The entries below must be reproduced exactly; their pictures are not part of the copy.

Data items
- - - - -
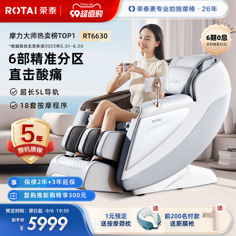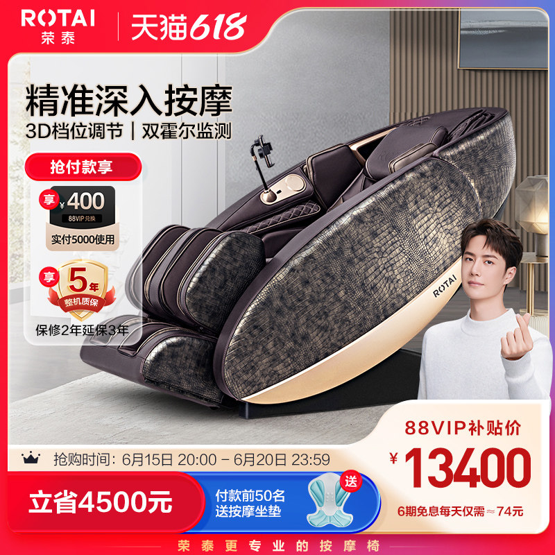 券 4820元销量10荣泰RT6630按摩椅家用全身多功能豪华太空舱智能电动按摩沙发新款
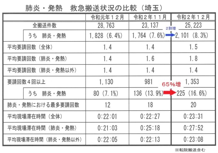 前年同月比、救急搬送全体が13%減の中、(発熱以外を含めた患者の)受け入れ要請を4回以上行った回数が2割増で、救急病院がひっ迫している事や、発熱・肺炎患者数自体は、前月比2割増えただけなのに、4回以上要請した件数が65%増えており、コロナ病床のひっ迫が急激なのが、分かります。
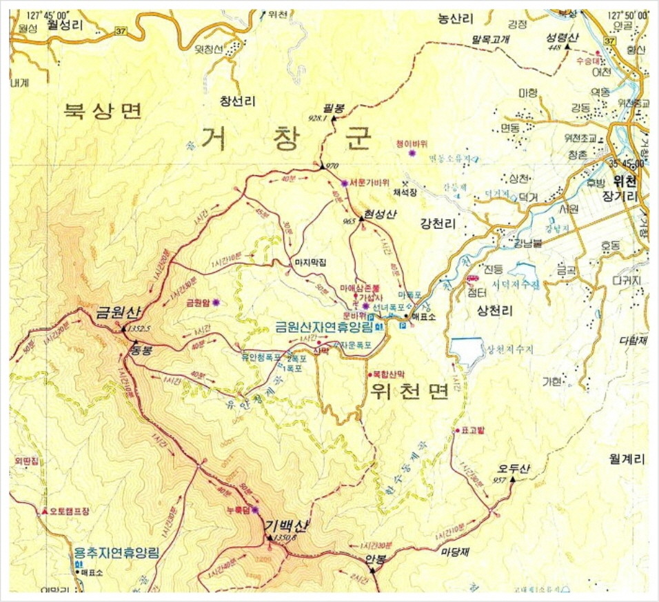 현성산은 1300미터 대인 기백산이나 금원산보다 훨씬 낮으나
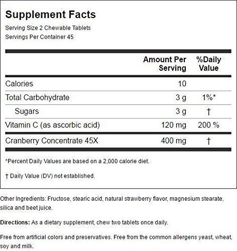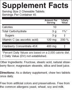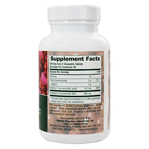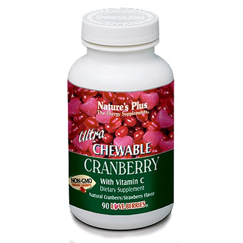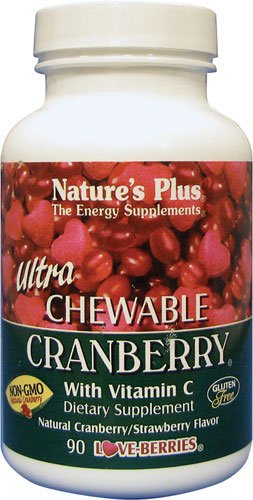 Studio : Nature's Plus Publisher : Nature's Plus Binding : Health and Beauty Product Description Ultra Chewable Cranberry 90 ChewableProduct Description Nature's Plus presents ULTRA CHEWABLE CRANBERRY. These heart-shaped Love-Berries are formulated with a unique flavor system that preserves the nutritional integrity of cranberries and combines it with the delicate tartness and natural sweetness of strawberries. Supplement FactsAmount Per Serving% Daily Value***Calories10Total Carbohydrate3 g1 %*Sugars3 g*Vitamin C (as ascorbic acid)120 mg200 %Cranberry Concentrate 45X400 mg* *Daily Value Not Established ***Percent Daily Values are based on a 2,000 calorie diet
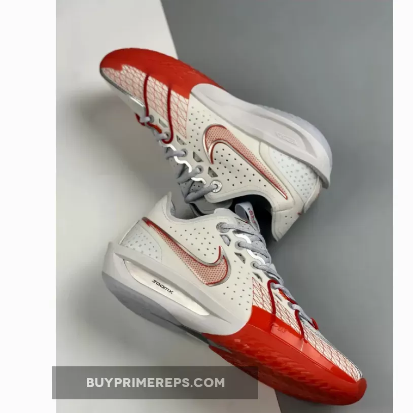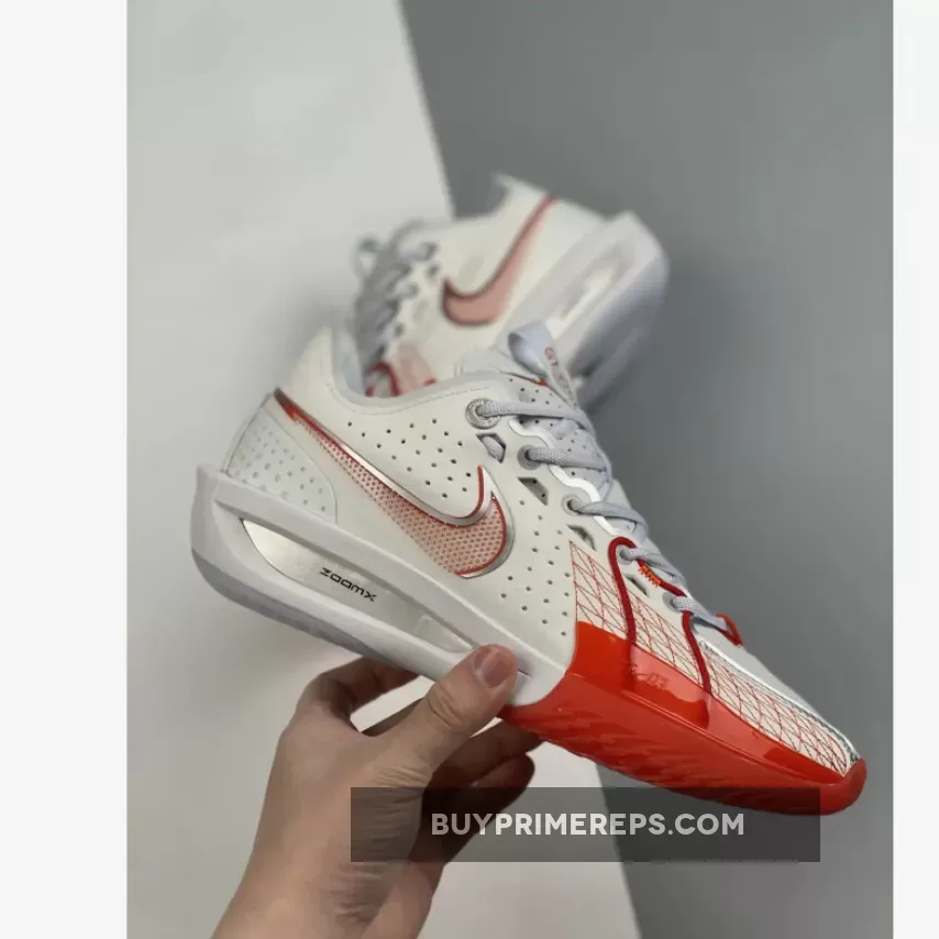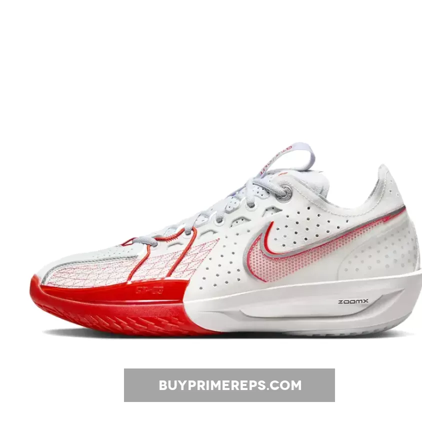 The design of the Zoom G.T. Cut 3 is not only functional but also visually appealing. The transparent TPU encasing the Swoosh branding adds a unique touch, with its red and metallic silver contour standing out against the white background. This attention to detail elevates the overall aesthetic of the shoe, making it a standout choice for basketball players who value both style and performance.
- - - - -
**EXPECTED OUTPUT**:
 券 4820元销量10荣泰RT6630按摩椅家用全身多功能豪华太空舱智能电动按摩沙发新款
 前年同月比、救急搬送全体が13%減の中、(発熱以外を含めた患者の)受け入れ要請を4回以上行った回数が2割増で、救急病院がひっ迫している事や、発熱・肺炎患者数自体は、前月比2割増えただけなのに、4回以上要請した件数が65%増えており、コロナ病床のひっ迫が急激なのが、分かります。
 현성산은 1300미터 대인 기백산이나 금원산보다 훨씬 낮으나
 Studio : Nature's Plus Publisher : Nature's Plus Binding : Health and Beauty Product Description Ultra Chewable Cranberry 90 ChewableProduct Description Nature's Plus presents ULTRA CHEWABLE CRANBERRY. These heart-shaped Love-Berries are formulated with a unique flavor system that preserves the nutritional integrity of cranberries and combines it with the delicate tartness and natural sweetness of strawberries. Supplement FactsAmount Per Serving% Daily Value***Calories10Total Carbohydrate3 g1 %*Sugars3 g*Vitamin C (as ascorbic acid)120 mg200 %Cranberry Concentrate 45X400 mg* *Daily Value Not Established ***Percent Daily Values are based on a 2,000 calorie diet
 The design of the Zoom G.T. Cut 3 is not only functional but also visually appealing. The transparent TPU encasing the Swoosh branding adds a unique touch, with its red and metallic silver contour standing out against the white background. This attention to detail elevates the overall aesthetic of the shoe, making it a standout choice for basketball players who value both style and performance.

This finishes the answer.